_WHAT YOU WILL DO_. In the listing below, find the line containing "Точка безубыточности находится" and the line containing "4小时图看,沪深300低位震", then copy exactly everything from the first through the second, except the pictures.

** INPUT RECORDS follows **

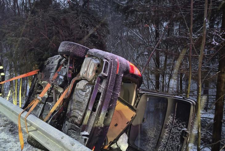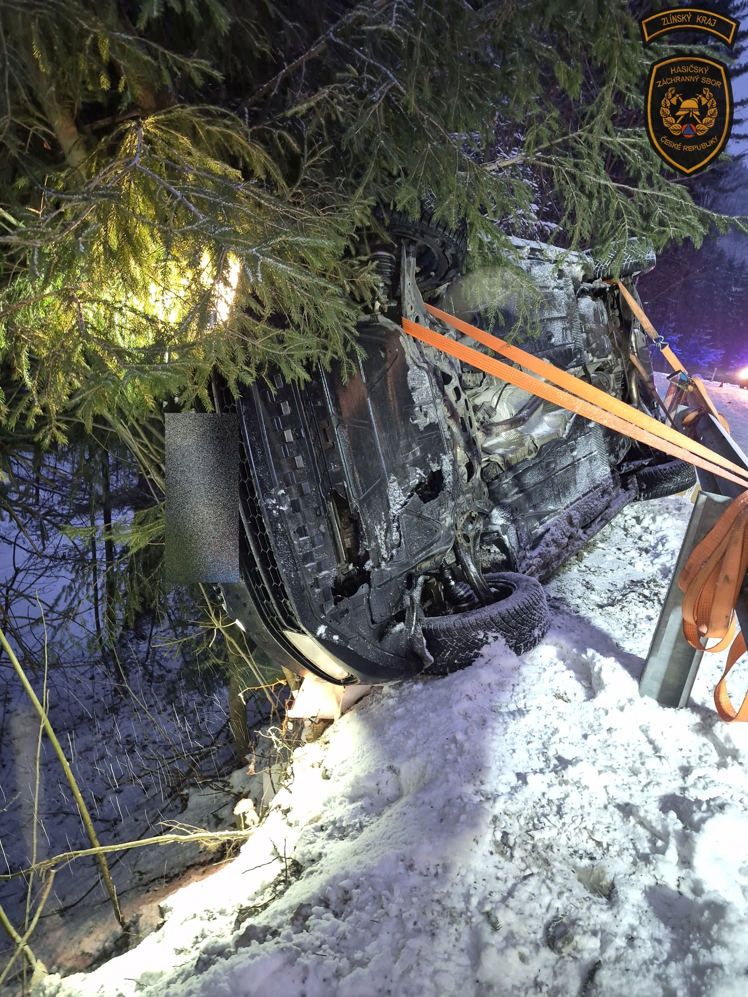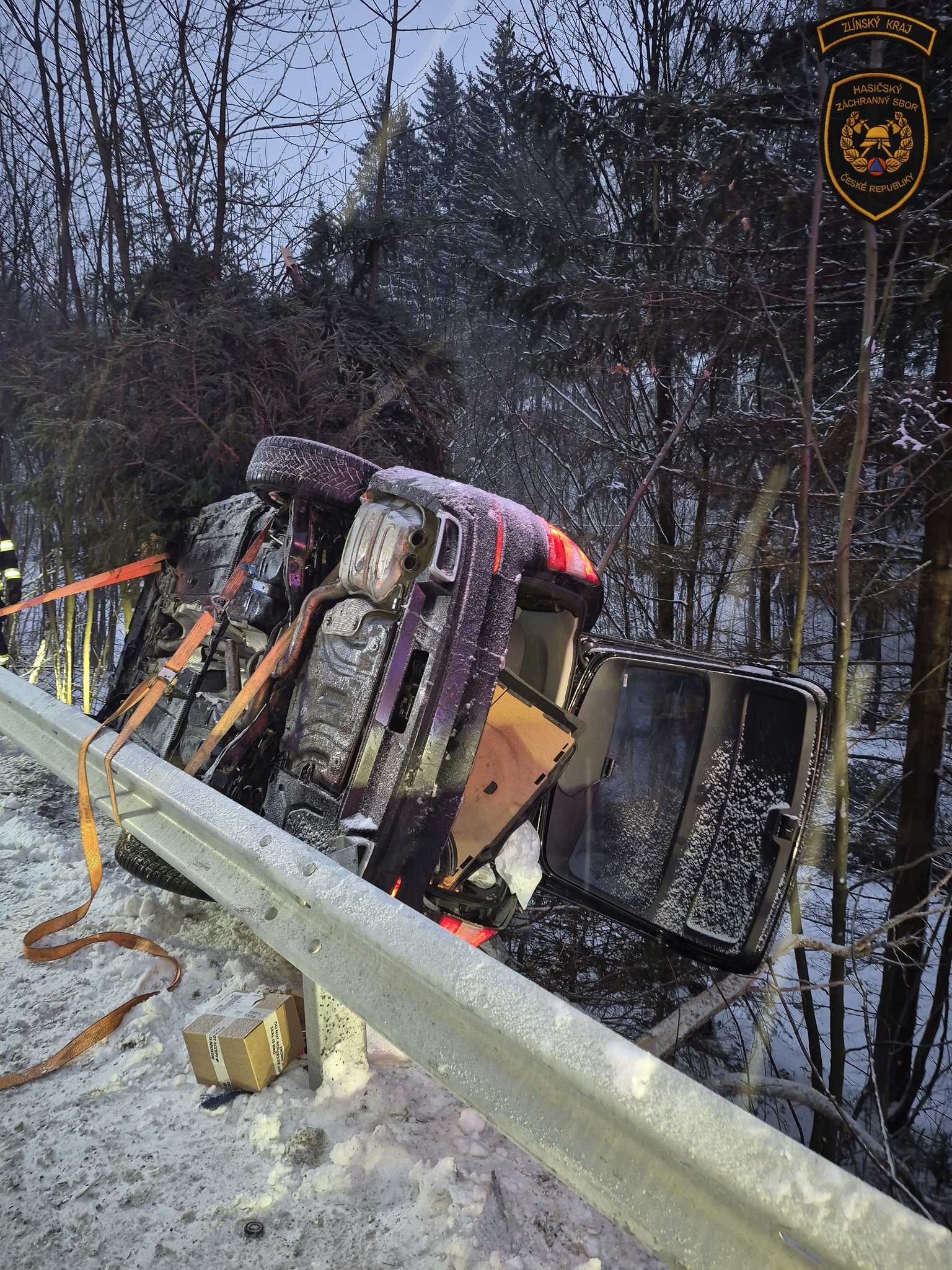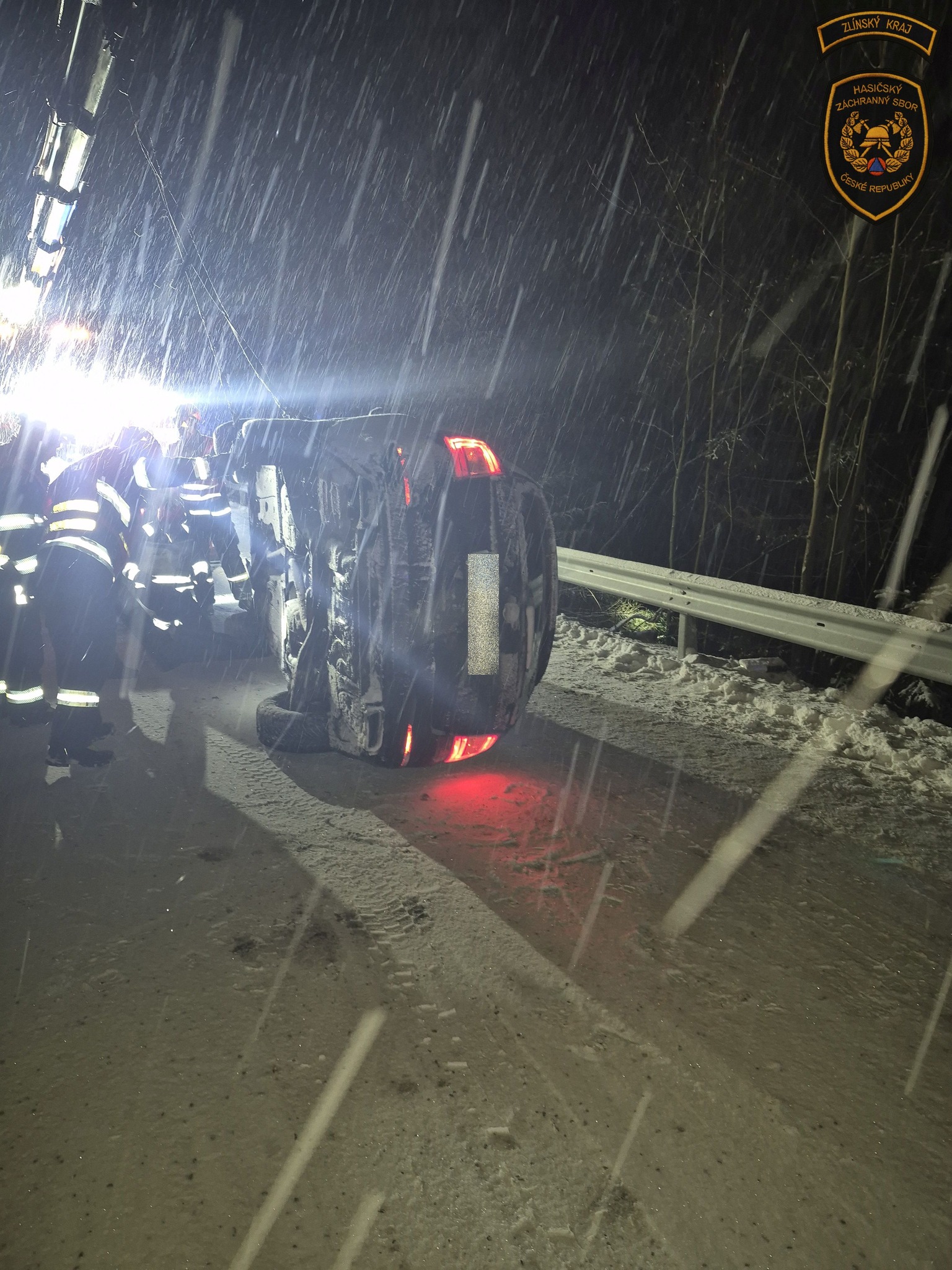 Řidič osobního vozidla zde vyjel mimo komunikaci a s automobilem skončil na boku vedle silnice za svodidly. Ve vozidle cestovaly čtyři osoby. Dvě z nich utrpěly zranění a byly předány do péče posádky zdravotnické záchranné služby.
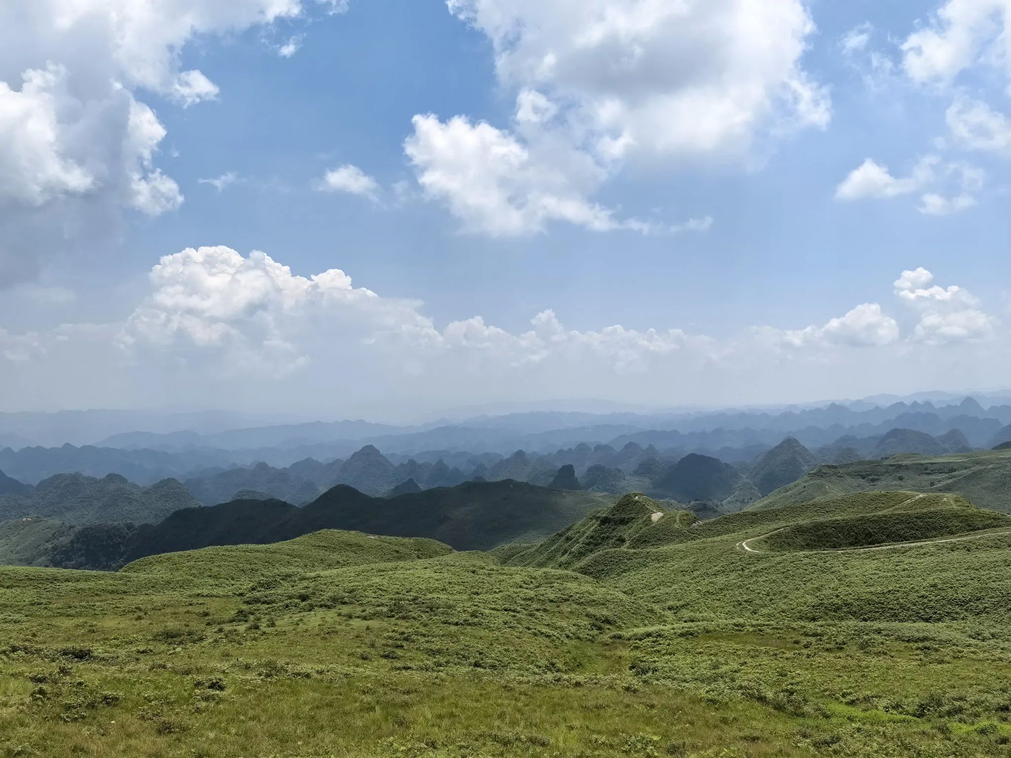 因为乌蒙大草原限流、堵车等原因,我们选择了人流相对少一点的阿西里西大草原。阿西里西大草原位于毕节市赫章县,距离六盘水市钟山区50分钟车程,有韭菜坪、二台坡两个景点。因为8月初,韭菜坪花期未至,我们最终选择了二台破。进入二台破景区,是一段十几公里的盘山公路,道路较为狭窄。
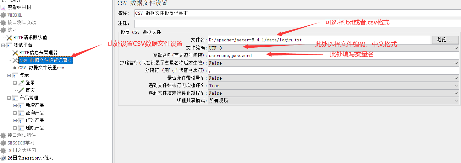 数据文件设置来获取两个人的登录信息,有两种格式,一种是记事本,另一种是.csv文件;当我们需要设置上下两个接口之
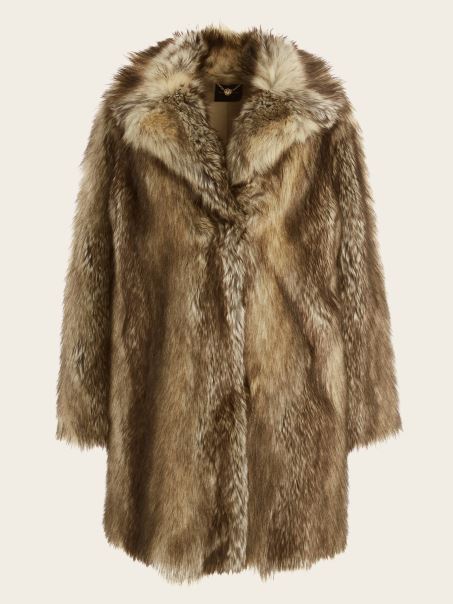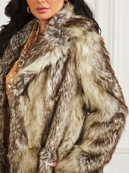 Stilul Tău De Viață Generos Are Nevoie De Această Haină Impunătoare, Confecționată Din Blană Artificială Luxoasă. Proiectat Cu Guler Larg Crestat, Buzunare Laterale, Mâneci Lungi, Căptușeală Din Satin Mătăsos și închidere Cu Cârlig în Față.
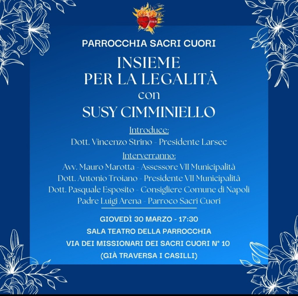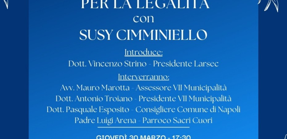 “Insieme per la Legalità” con Susy Cimminiello. Questo il titolo dell’iniziativa in programma per giovedì 30 marzo, alle 17:30, presso la sala teatro della parrocchia Sacri Cuori a Secondigliano, che vedrà Susy Cimminiello, sorella di Gianluca, vittima innocente della camorra, portare la propria testimonianza sul tema della legalità.
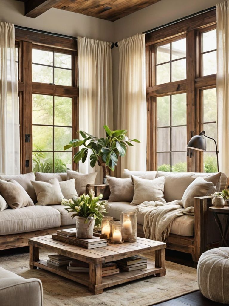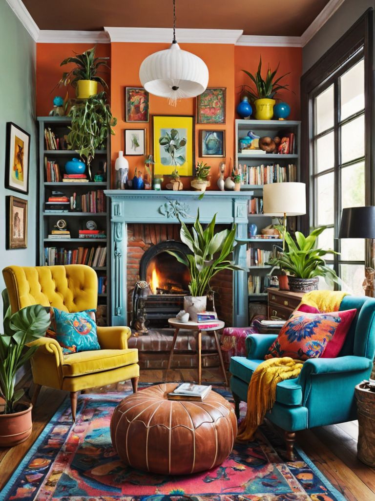 Oversized sofas, Soft pastel-colored throws, Patterned pillows, Curated artwork, Intricate wall hangingsDescription
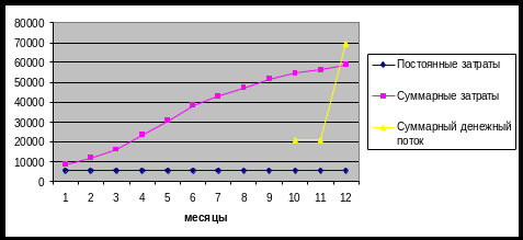 Точка безубыточности находится в координатах Х-месяц = 11,8; У-стоимость = 59000. В этой точке еще не имеет прибыли, но уже не несет убытков. Показатели эластичности показывают как изменяется проект при изменении одного показателя и неизменности остальных. Рискованность проекта находится в промежутке от 101 до 160 (115,8) – это значит, что проект среднерискованный.
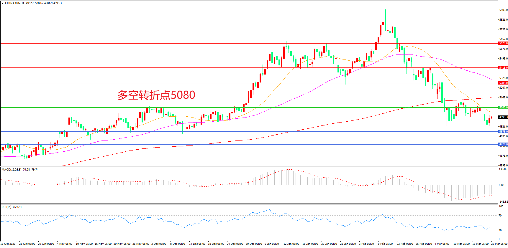 4小时图看,沪深300低位震荡企稳,但整体依然受制于21周期均线,4875成为短期支撑,MACD绿柱缩短,RSI指标走平,日内延续震荡概率较大。
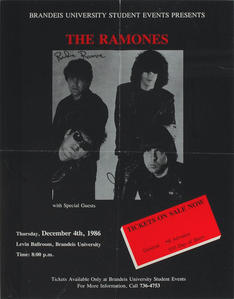 Color 16.75 x 21.75 concert poster for a Ramones show at Brandeis University’s Levin Ballroom on December 4, 1986, depicting the band in their trademark leather, signed on their image in black felt tip by Richie and Johnny Ramone. In very good condition, with heavy folds and moderate creasing. From The Monte A. Melnick Ramones Collection. Pre-certified REAL.
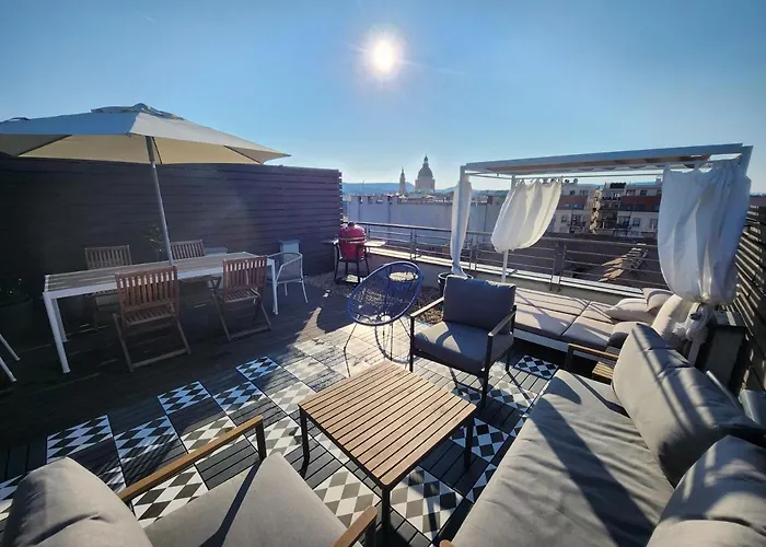A 2 szobás Cloud Apartment Gozsdu Budapest Budapest közvetlen szívében, az Országháztól körülbelül egy 25 perces sétára várja az utazókat. A Szimpla Kert romkocsmától belátható közelségre található 97 m²-es apartman belső udvart és barbeque-t kínál.
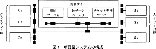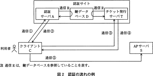 - 認証サイトは,認証サーバ,鍵データベース及びチケット発行サーバで構成する。
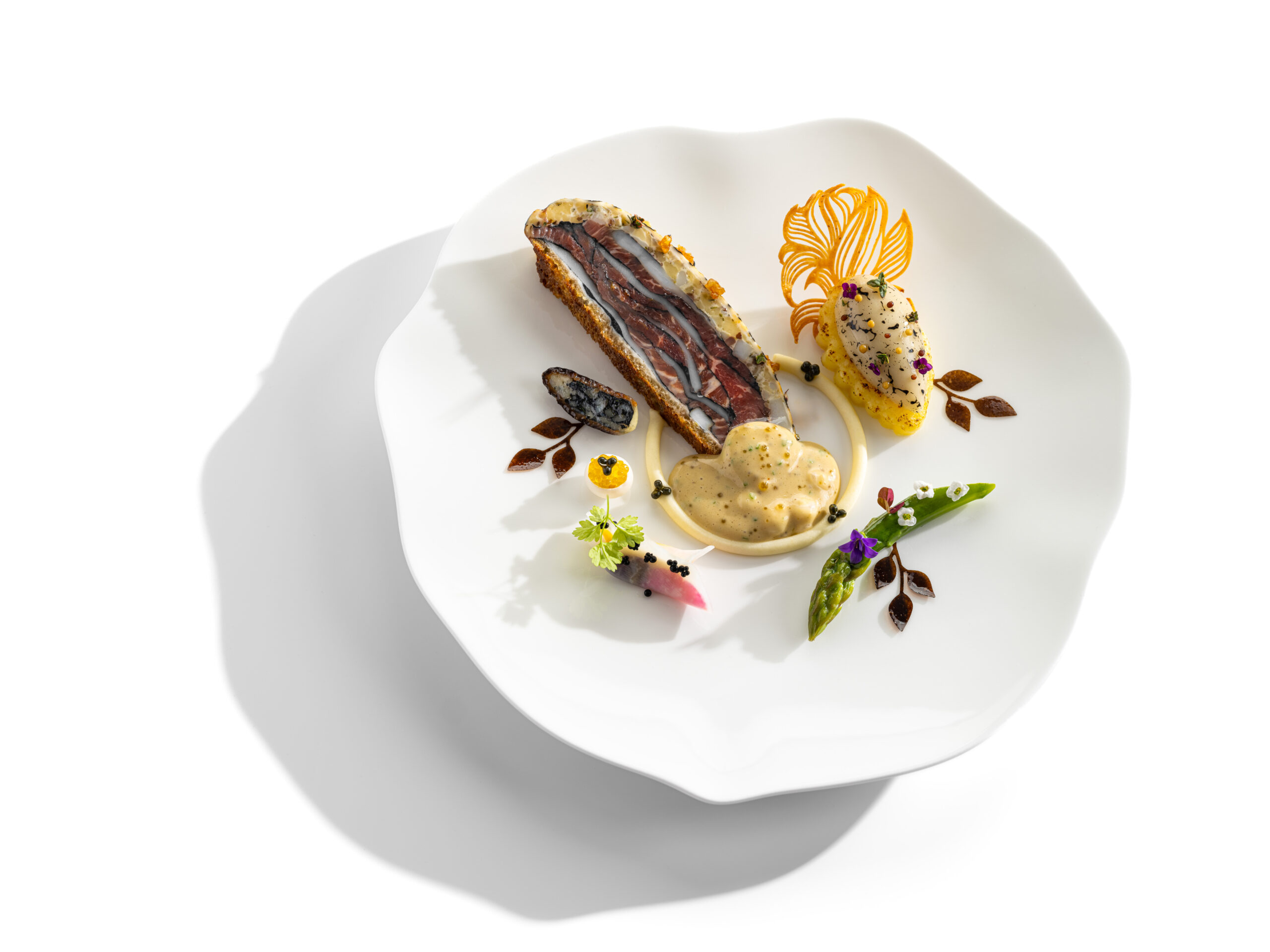 The Plate theme it was built around the idea of Surf ’n Turf in a Hungarian garden: squid and beef tenderloin met, combined with Hungarian smoked cheese, citrus notes and fresh herbs. The side dishes evoked the arrival of spring: new potatoes, green asparagus and kohlrabi appeared on the plate, emphasizing the seasonal richness of Hungarian gardens.
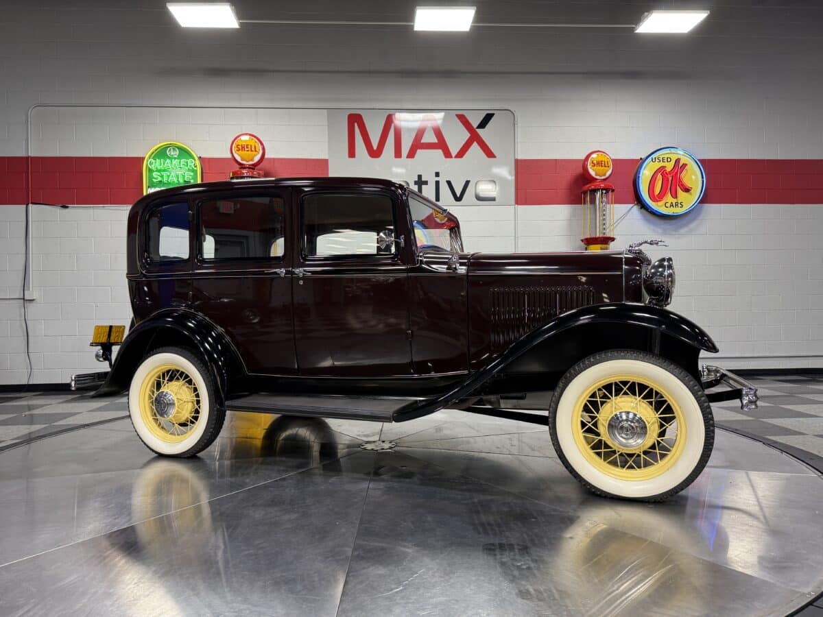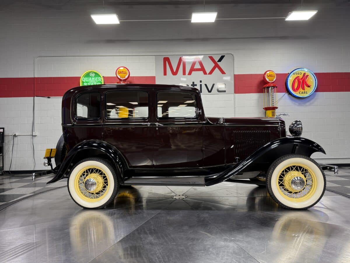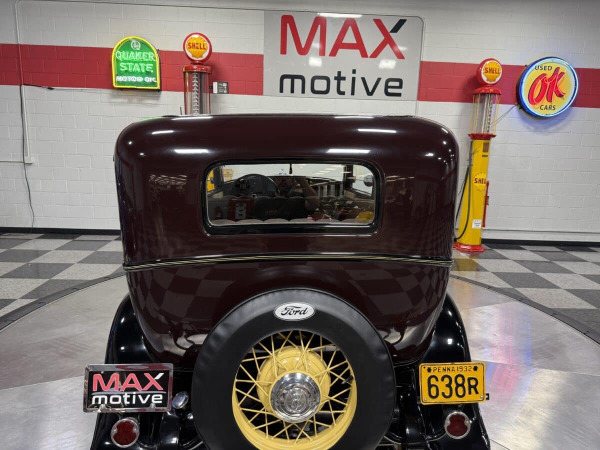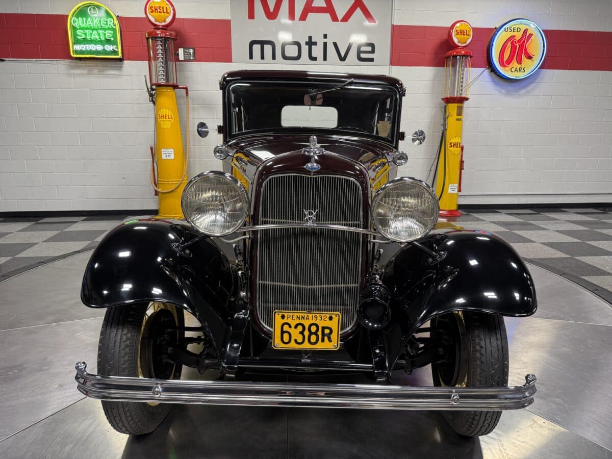 Other firsts included a synchronizing transmission and dual water pumps, ensuring smoother operation and better cooling. This example is finished in Ford Medium Maroon with black fenders, one of the eight authentic body colors available in 1932.

** End of INPUT RECORDS **

_COMPLETED EXERCISE_.
 Точка безубыточности находится в координатах Х-месяц = 11,8; У-стоимость = 59000. В этой точке еще не имеет прибыли, но уже не несет убытков. Показатели эластичности показывают как изменяется проект при изменении одного показателя и неизменности остальных. Рискованность проекта находится в промежутке от 101 до 160 (115,8) – это значит, что проект среднерискованный.
 4小时图看,沪深300低位震荡企稳,但整体依然受制于21周期均线,4875成为短期支撑,MACD绿柱缩短,RSI指标走平,日内延续震荡概率较大。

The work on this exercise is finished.